Ibn Ishaq's account[]

Ibn Ishaq collected oral traditions about the life of Muhammad, some of which survive through the writings of Ibn Hisham and Ibn Jarir al-Tabari.

He narrates that in response to the killing of Abu Afak, Asma recited the following poem (originally Arabic, here using the translation by Alfred Guillaume):

:"I despise B. Malik and al-Nabit

and Auf and B. al-Khazraj.
You obey a stranger who is none of yours,
One not of Murad or Madhhij.
Do you expect good from him after the killing of your chiefs
Like a hungry man waiting for a cook's broth?
Is there no man of pride who would attack him by surprise
And cut off the hopes of those who expect aught from him?"

Hassan b. Thabit answered her:

"Banu Wa'il and B. Waqif and Khatma
Are inferior to B. al-Khazrahj.
When she called for folly woe to her in her weeping,
For death is coming.
She stirred up a man of glorious origin,
Noble in his going out and in his coming in.
Before midnight he dyed her in her blood
And incurred no guilt thereby."[1]

On hearing these verses, Muhammad is reported to have said: "Who will rid me of Marwan's daughter?" Umayr bin Adiy al-Khatmi, who in turn overheard this, went to her house the same night and killed her.[1]

The sources appear to be conflicted on whether this was done on Muhammad's orders or not, but the version as recorded by Ibn Ishaq goes on to say that the following morning, Umayr came told Muhammad what he had done and the prophet responded: "You have helped God and His apostle, O Umayr!" And when asked what consequences he might have to bear, Muhammad said, "Two goats won't butt their heads about her."[1]

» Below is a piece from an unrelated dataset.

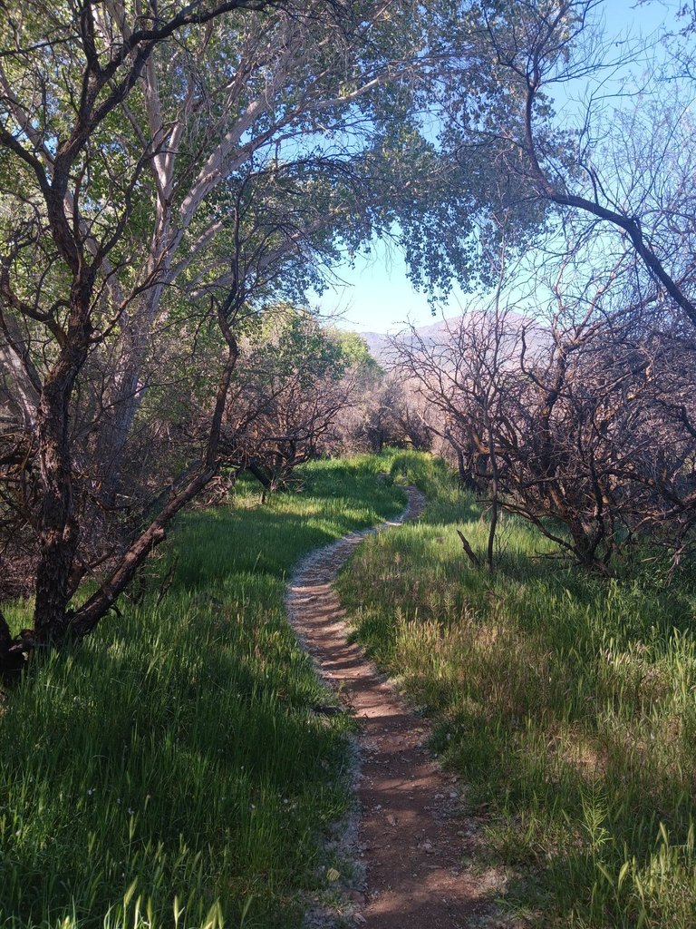 Not very speedy when I hit the trail uphill section but it was nice to have enough foliage on the trees to filter the bright sun and there was a little breeze which also helped moderate the heat.

When Umayr returned to the Banu Khatma, the tribe of which both Asma and Umayr were members, he then openly declared: "I have killed bint Marwan, O sons of Khatma. Withstand me if you can; don't keep me waiting." This was apparently the first open statement of allegiance to the Muslim cause by a member of that tribe, and more of its members became Muslims shortly after.[1]

Ibn Sa'd's account[]

This account is found in Ibn Sa'd's Kitāb al-ṭabaqāt al-Kubrā and is given the rank of Mawḍūʻ, fabricated, by hadith scholars including Al-Albani, Majdi, and Al-Jawzi.[4][5][6]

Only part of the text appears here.